» WHAT THIS TASK INVOLVES
Without pictures, repeat exactly the lines from the one containing "Hydraulický krimpovací nástroj" through the end of the entries.

*** INFORMATION GIVEN

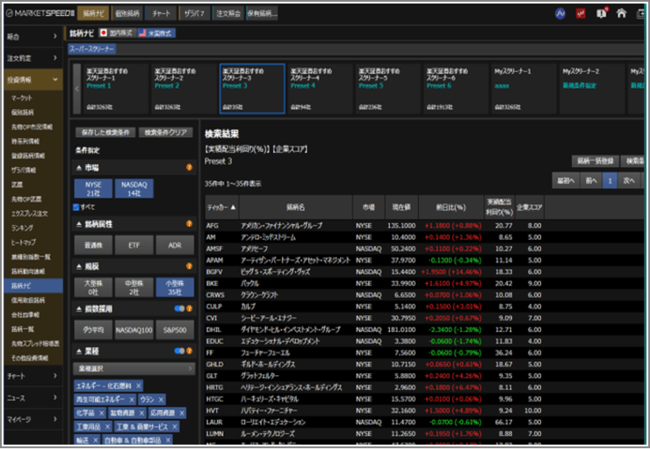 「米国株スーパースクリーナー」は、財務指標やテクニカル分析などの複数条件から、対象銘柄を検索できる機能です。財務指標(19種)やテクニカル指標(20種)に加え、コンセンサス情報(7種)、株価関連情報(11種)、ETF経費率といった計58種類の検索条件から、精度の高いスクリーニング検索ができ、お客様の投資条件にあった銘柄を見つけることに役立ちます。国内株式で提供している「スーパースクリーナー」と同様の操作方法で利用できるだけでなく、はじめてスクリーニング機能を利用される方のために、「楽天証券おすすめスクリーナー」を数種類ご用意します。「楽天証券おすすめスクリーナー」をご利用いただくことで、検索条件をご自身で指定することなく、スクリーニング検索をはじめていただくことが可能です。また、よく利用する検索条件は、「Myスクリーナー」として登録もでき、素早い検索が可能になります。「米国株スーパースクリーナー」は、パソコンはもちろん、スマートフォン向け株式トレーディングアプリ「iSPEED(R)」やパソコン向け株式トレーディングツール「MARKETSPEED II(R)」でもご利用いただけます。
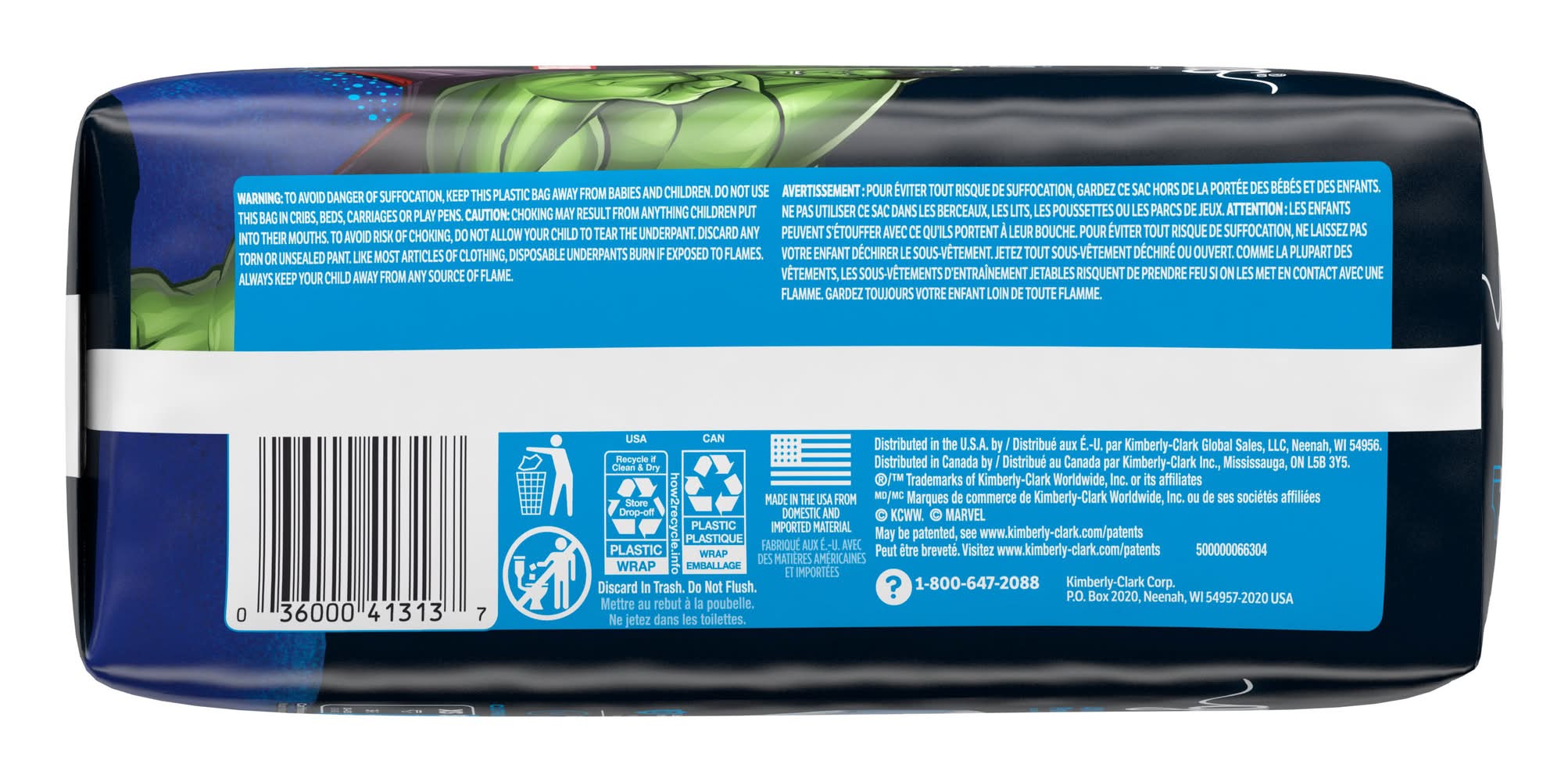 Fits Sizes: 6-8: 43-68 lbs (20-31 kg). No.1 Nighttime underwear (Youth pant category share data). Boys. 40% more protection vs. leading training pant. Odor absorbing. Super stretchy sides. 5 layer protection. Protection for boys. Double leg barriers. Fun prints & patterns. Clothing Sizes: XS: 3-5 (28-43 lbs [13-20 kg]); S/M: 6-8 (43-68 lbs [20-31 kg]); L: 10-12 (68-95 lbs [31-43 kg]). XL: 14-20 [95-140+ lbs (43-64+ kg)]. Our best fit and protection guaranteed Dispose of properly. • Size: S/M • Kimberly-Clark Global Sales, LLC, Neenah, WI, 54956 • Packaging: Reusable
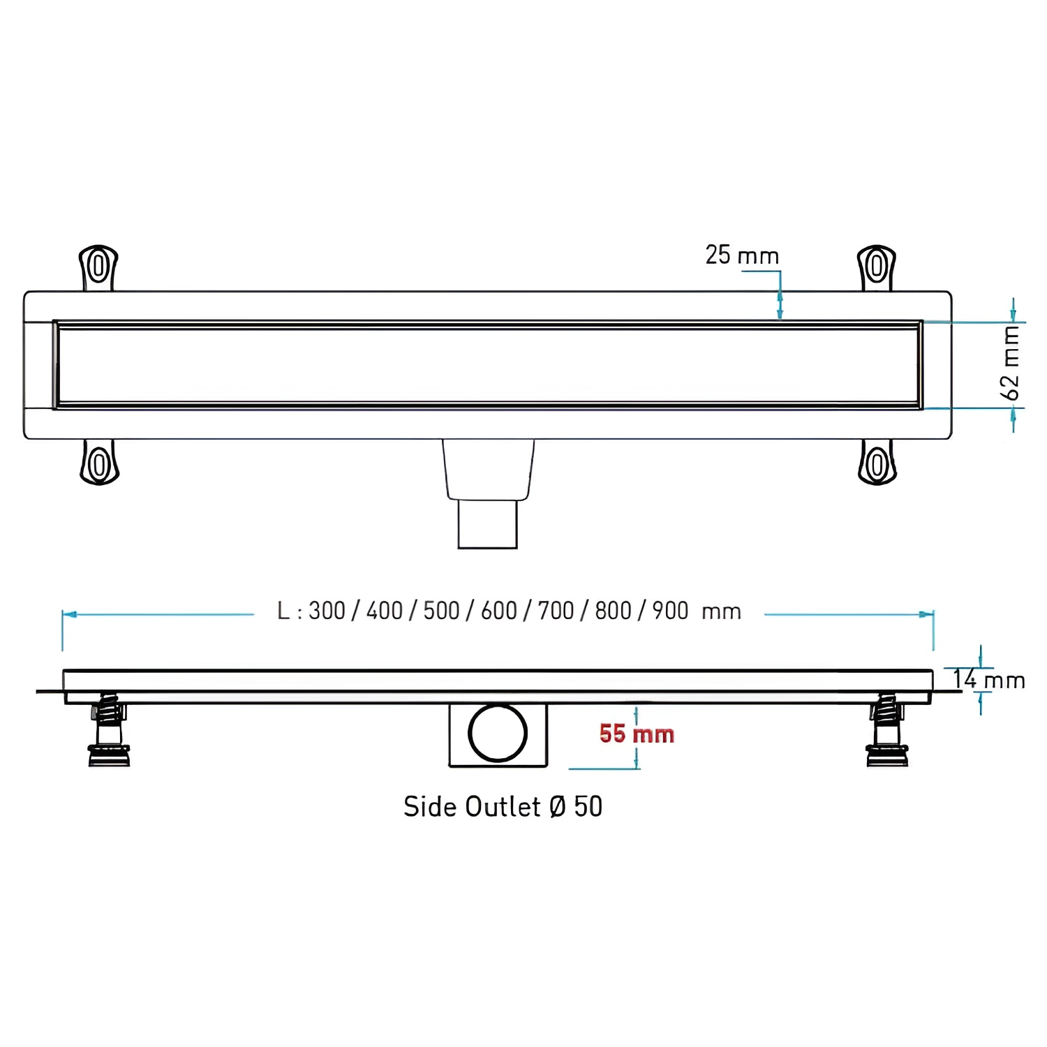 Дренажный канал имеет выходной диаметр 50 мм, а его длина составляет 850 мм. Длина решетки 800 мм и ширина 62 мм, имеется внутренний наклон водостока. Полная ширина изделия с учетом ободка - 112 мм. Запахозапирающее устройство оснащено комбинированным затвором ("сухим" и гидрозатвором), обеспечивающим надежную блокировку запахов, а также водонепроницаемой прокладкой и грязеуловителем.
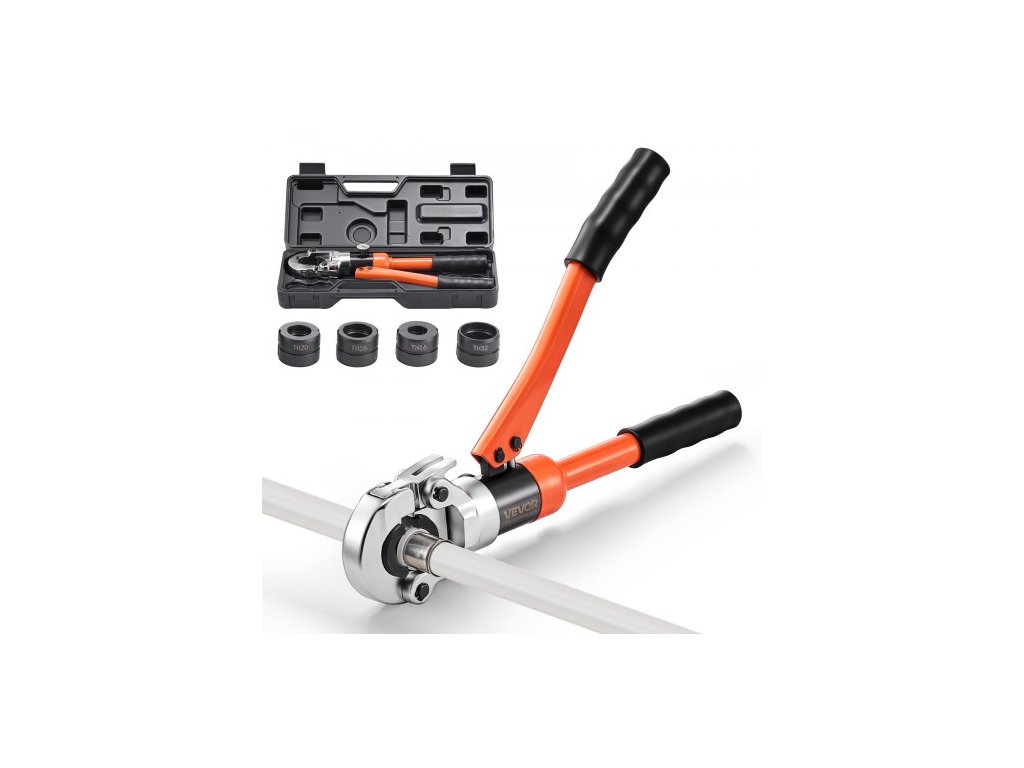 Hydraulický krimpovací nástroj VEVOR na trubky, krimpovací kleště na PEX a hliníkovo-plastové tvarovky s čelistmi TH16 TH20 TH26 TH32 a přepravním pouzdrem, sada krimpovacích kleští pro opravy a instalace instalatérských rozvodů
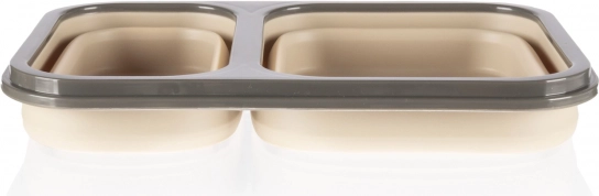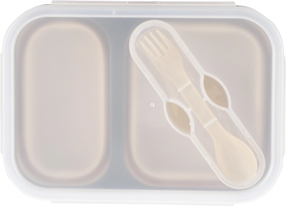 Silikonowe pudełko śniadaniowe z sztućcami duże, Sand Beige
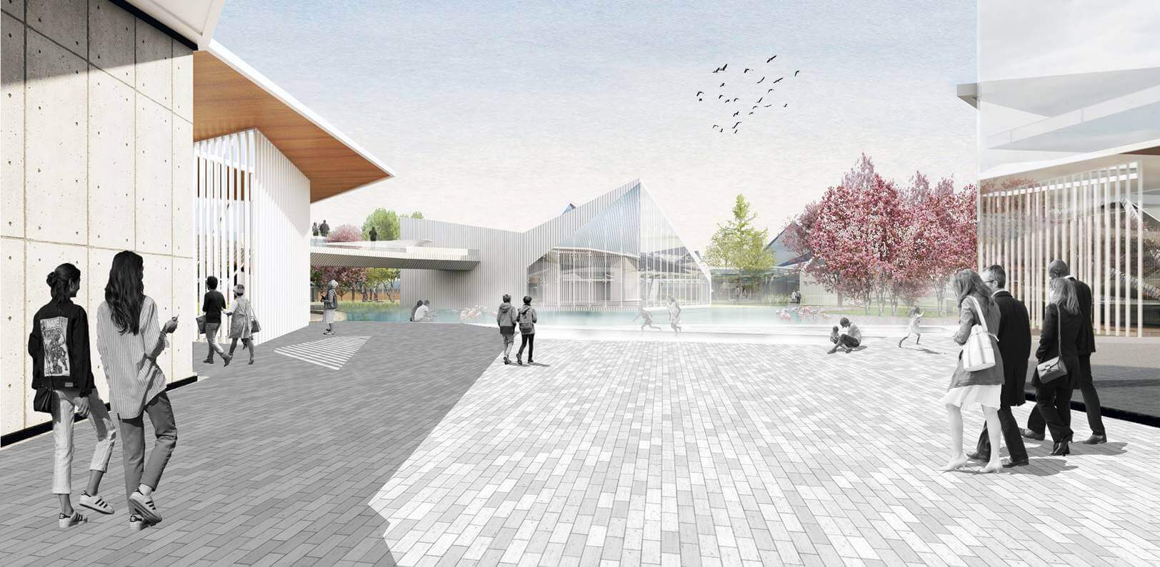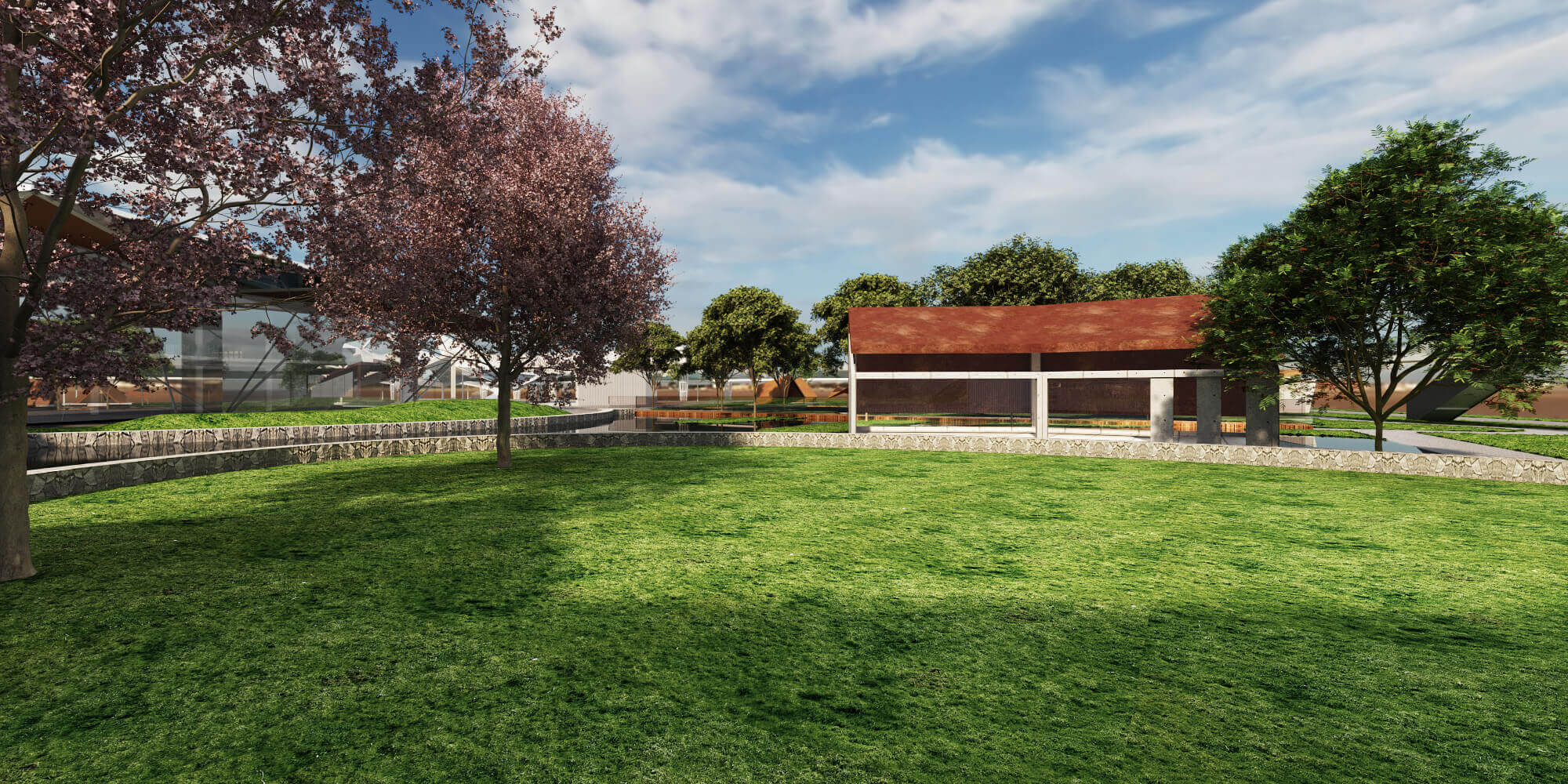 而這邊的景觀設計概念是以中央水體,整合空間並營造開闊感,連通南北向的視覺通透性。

******

» WRITTEN SOLUTION
 Hydraulický krimpovací nástroj VEVOR na trubky, krimpovací kleště na PEX a hliníkovo-plastové tvarovky s čelistmi TH16 TH20 TH26 TH32 a přepravním pouzdrem, sada krimpovacích kleští pro opravy a instalace instalatérských rozvodů
 Silikonowe pudełko śniadaniowe z sztućcami duże, Sand Beige
 而這邊的景觀設計概念是以中央水體,整合空間並營造開闊感,連通南北向的視覺通透性。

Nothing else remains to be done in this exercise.